Token tracking — a deep dive
How we account for cache reads, cache writes, and streamed responses.
· Engineering · 7 min read
Token usage looks simple from the outside — input + output, multiply by price, done. In practice, modern model APIs surface four counters that all bill differently: input, output, cache_creation_input, and cache_read_input.
The four counters
- input_tokens — what you sent, not counting cached prefixes
- output_tokens — what came back
- cache_creation_input_tokens — first time a long prefix is cached (priced ~1.25× input)
- cache_read_input_tokens — cache hit on a prefix (priced ~0.1× input)
A naive integration adds them all up and overcharges. We bill each separately at the model's real per-token price.

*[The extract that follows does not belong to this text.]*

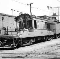 DIGITAL PRINT: Texas Electric Railway Class B Work Motor 905 at the Waco Terminal. Express (box) Trail Car 619 is behind the locomotive. A slightly different view of this same scene is found in photo CP.2012.CL.9-54. See: Map 7, Waco Downtown Detail
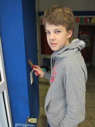 Wir bessern zum Beispiel Wände aus, um sie danach zu streichen. Dadurch setzen wir farbliche Akzente im Schulhaus. Wir bestücken die Rahmen und Glaskästen mit neuen Bildern, um immer ein aktuelles Bild der Arbeit an der Schule zu haben. Wir stellen kreative Bilder und Kunstwerke her, um sie im Schulhaus auszustellen und vieles mehr.

Effective input cost on a Sonnet 4.5 chat with a 50k cached system prompt drops by ~85%.
Streaming complicates things
For SSE, the upstream sends the input count in message_start and the running output count in successive message_delta events. We track both and charge once at message_stop.
{
"type": "message_delta",
"delta": { "stop_reason": "end_turn" },
"usage": { "output_tokens": 412 }
}If the connection dies before message_stop, we still bill what was produced — partial output costs money for the upstream too. Aborts during input (before any output_tokens > 0) are free.
Receipts
Every request lands a row in api_usage_logs with each counter and the current model price. The dashboard exposes daily and per-model breakdowns; the /ai/v1/usage/stats endpoint gives you the same numbers as JSON.